Weekly News Column by:
Brenda Langerud

December 5, 2005

Healthy Holiday Meals

             “Oxymoron” – a combination of contradictory or incongruous words, such as “cruel kindness” or “silent two-year-old”.  The phrase “healthy holiday meals” could be described as an oxymoron.  When we think of holiday foods, visions of rich desserts, calorie-laden sauces and gravies, and trays of special cookies and sweets often come to mind.  Food is an integral part of celebrations and celebration food isn’t often whole-grain, fat-free or low-calorie.  There are though, several relatively painless healthy eating choices we can make during the holiday food season.

            - Pace, don’t race.  Pay attention to how quickly you eat and exactly what you eat and drink.  Have you ever sat down with a full bag of chips to watch your favorite TV show, planning to eat only part of the bag?  By the end of the program, most of us will have eaten the entire bag.  We are distracted by the program and continue eating with little thought to and awareness of our hunger level.   Savor the flavor of foods by eating slowly. It takes about 20 minutes for your brain to alert your stomach that you are satisfied.
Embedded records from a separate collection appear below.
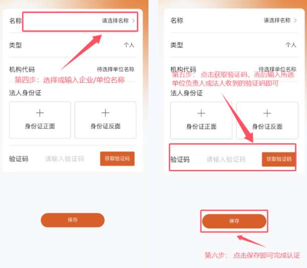 4、选择或输入企业/单位名称,点击获取验证码,而后输入所选单位负责人或法人收到的验证码即可,点击保存即可完成认证。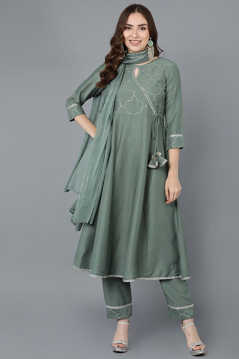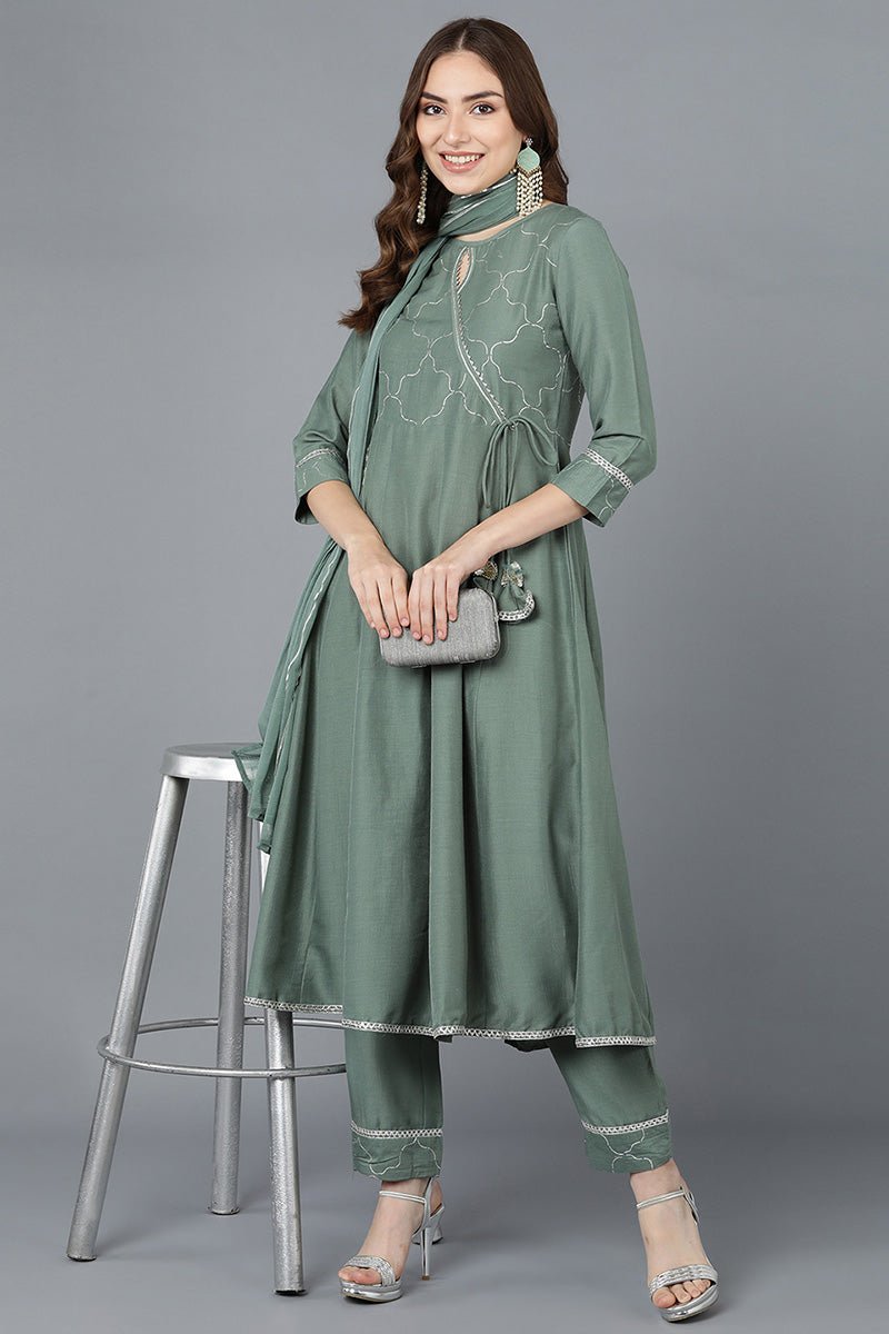 Teal Poly Silk Embroidered Kurti Trousers With Dupatta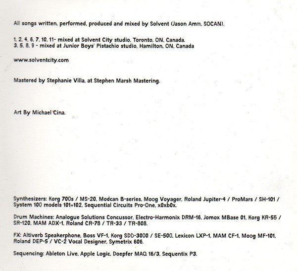 Tracks 1, 2, 4, 6, 7, 10, 11 mixed at Solvent City studio, Toronto, ON, Canada.
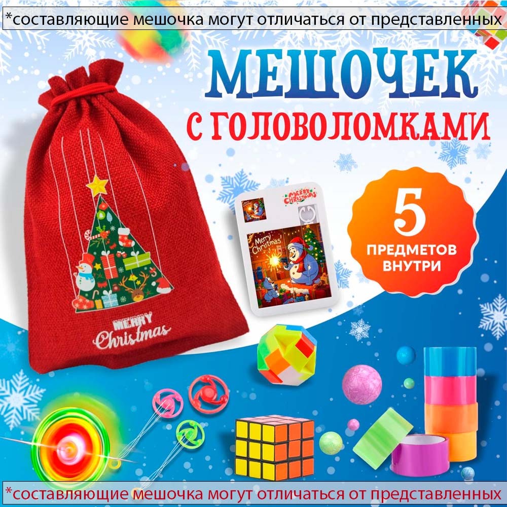 3. Мешочек с головоломками и играми (содержимое мешочка может отличаться от представленных на фото)

            - Choose your drink.  Remember that alcohol is packed with calories.  A mixed drink can have as many as 500 calories and little nutritional value.  Choose light beer and wine over mixed drinks.  Consider fruit juice, low-cal sodas or even something as ordinary as water for your beverage of choice.  

            - Eat before you go.  Don’t go to a party on an empty stomach.  Before going out, snack on protein foods like chicken, cottage cheese or peanut butter.  Protein satisfies our hunger longer than do sugar or fat-laden foods so we are less likely to overindulge.  Skipping a meal earlier in the day, such as lunch, in preparation for a large evening meal can actually backfire as you may overeat in reaction to your hunger.  Take half-portions on your first trip to the buffet line and the second half ,if and when, you decide to make a second trip to the buffet.  

            - Not so fast. Don’t let a hectic holiday schedule force you to eat fast food.  If possible, cook extra of your family’s favorite, lower-calorie meals and freeze for use during the holiday season.  Look for options other than high-fat, fast-food meals.   Macaroni and cheese plus a piece of fruit saves not only calories but also holiday dollars.

            - When you are the host.   Include fresh fruit, veggies and reduced-fat versions of dishes on your holiday buffet.  For every high-calorie food or drink on your menu, offer an attractive low-fat alternative.   Make small portion sizes available – such as slivers of pie.  Skip using bowls of candy as “decorations”.    After the event, immediately freeze leftovers so there is no temptation to snack.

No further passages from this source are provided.